L'enquête judiciaire sur la mort de l'opposant russe Alexandre Litvinenko au Royaume-Uni pourrait être abandonnée, en raison de l'impossibilité d'examiner le rôle éventuel de l'État russe, a annoncé vendredi le coroner, le magistrat responsable de ces investigations.

Le gouvernement britannique ayant demandé à ce dernier, Robert Owen, de ne pas utiliser publiquement certains documents secrets, celui-ci a estimé qu'il risquait de ne pas être en mesure de procéder à une enquête «complète» et «juste sur les circonstances de la mort» de Litvinenko.

Jugeant que la question de l'éventuelle implication de la Russie «était d'une importance cruciale», il a souligné qu'écarter certains éléments était «un grave sujet de préoccupation» pour lui.

Les audiences dans le cadre d'une enquête judiciaire ou «inquest» qui vise à établir les circonstances exactes d'un décès en cas de mort violente ou inexpliquée sont publiques et les éléments de l'enquête sont examinés au grand jour.

Or, le ministère britannique des Affaires étrangères a demandé au magistrat de ne pas dévoiler au cours de l'inquest, qui devait débuter cet automne, certains éléments au nom de la sécurité nationale.

L'enquête judiciaire pourrait donc être remplacée par un autre type d'investigations permettant l'examen à huis clos de ces documents, a suggéré M. Owen.

Interrogé par l'AFP sur cette affaire, un porte-parole du gouvernement a simplement indiqué qu'il allait «étudier attentivement» les conclusions du coroner.

La veuve d'Alexandre Litvinenko, Marina, s'est dite «consternée» par cette décision, selon un communiqué transmis par ses avocats.

«Mme Litvinenko est absolument consternée par la décision du coroner d'abandonner sa quête de la vérité sur la responsabilité de l'État russe dans la mort de son mari», indique le communiqué.

«La conséquence de la décision prise aujourd'hui est de protéger ceux qui ont pris la responsabilité d'ordonner le meurtre d'un citoyen britannique dans une rue de Londres, et de permettre au gouvernement russe de se retrancher derrière une demande de respect du secret faite par William Hague (chef de la diplomatie britannique ndlr) avec le soutien du premier ministre David Cameron», regrette la veuve.

Un ami de la famille Litvinenko et de sa veuve, Alex Goldfarb, a lui aussi jugé ce rebondissement «profondément consternant».

«D'un autre côté, pour le gouvernement britannique, cela revient à admettre que l'État russe est coupable (...) En soi, c'est une victoire pour Marina», a-t-il estimé.

Alexandre Litvinenko, 43 ans, un transfuge du FSB (services de renseignement russes) réfugié au Royaume-Uni, avait bu un thé en novembre 2006 avec Andreï Lougovoï, un agent secret russe, et l'homme d'affaires Dmitri Kovtoun, dans un hôtel londonien.
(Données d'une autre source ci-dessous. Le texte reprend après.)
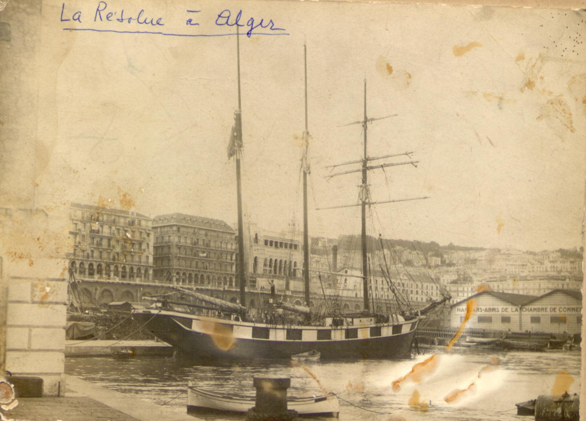 C'est donc le 8 novembre 1911, qu'inscrit maritime provisoire au quartier d'Alger, je fis mes débuts dans la navigation en embarquant comme pilotin sur le 3 Mâts Goélette "La Résolue", petit voilier école destiné à former de futurs Officiers de la Marine Marchande. Le Commandant était l'ancien directeur de lEcole Libre d'Hydrographie d'Alger. Il espérait avoir douze élèves pour lesquels les installations étaient prévues. Mais finalement nous ne fûmes que deux. Il est vrai que le coût de la pension était assez élevé pour l'époque : 120 francs par mois.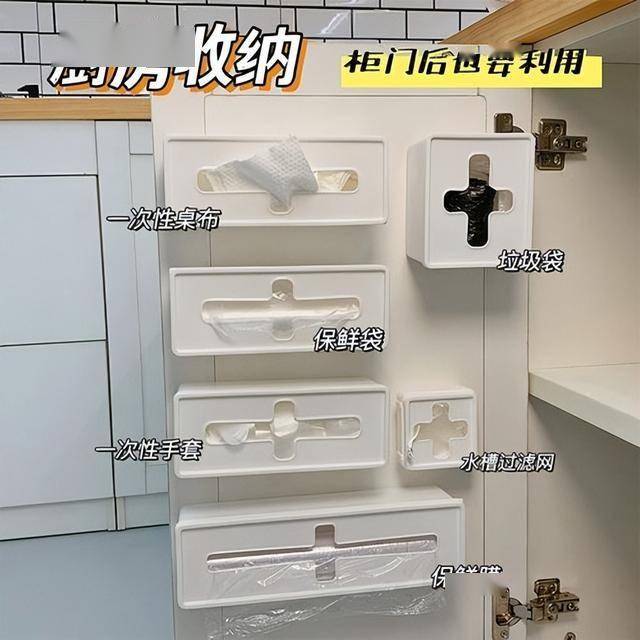 - 神操作7:柜门、抽屉内部“精装修”。柜门内侧挂保鲜袋分割盒、锅盖架;抽屉里用可自由分隔的餐具托盘、碗碟架,把空间划分得清清楚楚,东西不会再晃来晃去一团糟。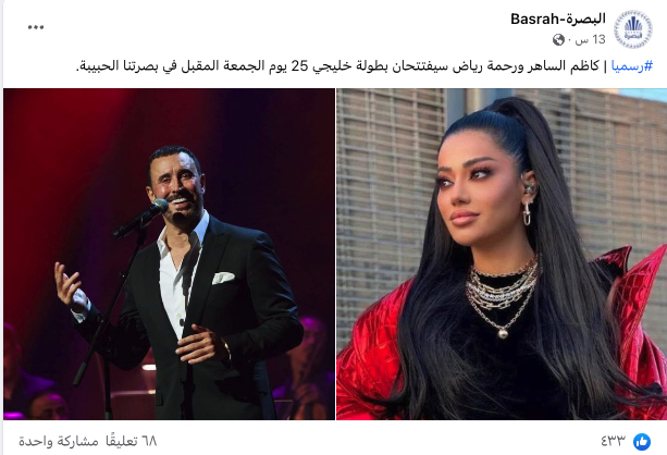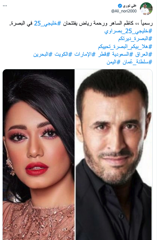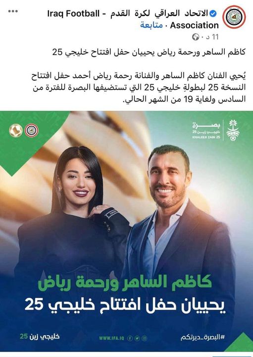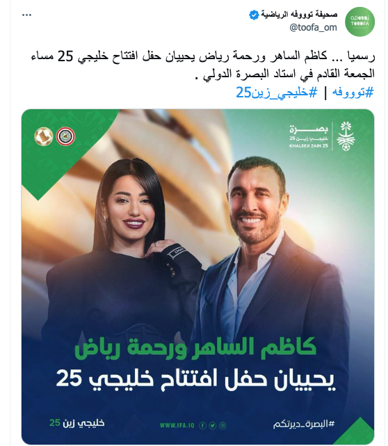 الوقائع: بدأت القصة مع نشر محافظ البصرة أسعد العيداني، الثامنة مساء أمس الأحد، تغريدة عبر حسابه على تويتر جاء فيها: "كاظم الساهر ورحمة رياض سيفتتحان بطولة خليجي 25 يوم الجمعة المقبلة". وبعد ساعة ونصف الساعة، عمد العيداني الى حذف تغريدته، تلاه الاتحاد العراقي لكرة القدم بنشر خبر عبر حسابه على الفايسبوك جاء فيه " كاظم الساهر ورحمة رياض يحييان احتفال افتتاح النسخة 25 لبطولةِ خليجي 25 التي تستضيفها البصرة من 6 الشهر الحالي الى 19 منه".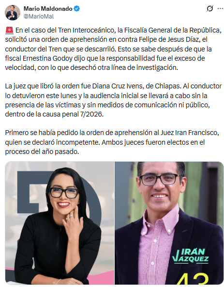 De acuerdo con Mario Maldonado, columnista de El Universal y conductor de Noticias de la Mañana en El Heraldo de México, la Fiscalía General de la República solicitó una orden de aprehensión contra Felipe de Jesús Díaz, conductor del Tren Interoceánico que se descarriló el pasado 28 de diciembre en Oaxaca.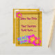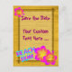En anpassningsbar Spara vykortet för datum med anpassningsbar och hibiscus blommor som läser Beach Bum lustigt och säger i nödlidande brev i ljust och havsblått färg med sandig gult kontur. Klicka på Anpassa om du vill ändra typsnitt, lägga till eller ta bort inslag och mycket mer, även spara din design för senare.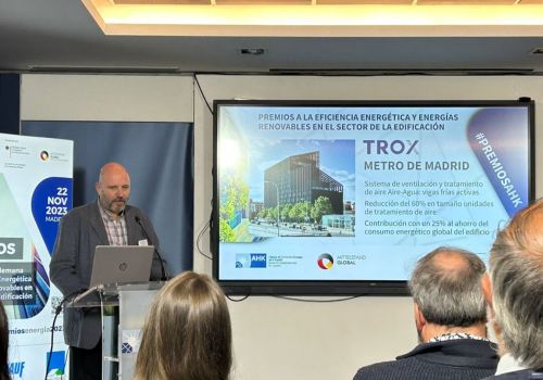 Por último, el galardón también ha recaído en TROX España gracias al sistema de ventilación y tratamiento de aire que ha instalado en la nueva sede de oficinas de Metro de Madrid. Basado en la tecnología que ofrecen los Sistemas Aire-Agua de la firma, esta solución se caracteriza, además de por un diseño muy estético, por ser altamente confortable y eficiente.

Il avait succombé peu après à un empoisonnement au polonium, une substance radioactive.

MM. Lougovoï et Kovtoun avaient laissé un sillage de radioactivité derrière eux en rentrant en Russie.

Selon l'avocat de sa veuve, Litvinenko travaillait pour les services secrets britanniques au moment de sa mort. Sa famille pense qu'il a été tué sur ordre du Kremlin.

L'affaire Litvinenko est un sujet de contentieux entre Londres et Moscou, en raison du refus de la Russie d'extrader Andreï Lougovoï, considéré par les enquêteurs britanniques comme le principal suspect de l'assassinat.

Ce dernier, aujourd'hui député en Russie, avait annoncé qu'il ne participerait plus à l'enquête judiciaire.

Celle-ci devait initialement débuter en mai, mais son ouverture avait déjà été remise à octobre, les autorités russes et britanniques tardant à fournir certaines des pièces demandées.

Il y a quelques mois, l'avocat de Marina Litvinenko avait accusé le Royaume-Uni de garder secrètes des informations concernant la mort d'Alexandre Litvinenko afin de ne pas affecter des accords commerciaux avec la Russie.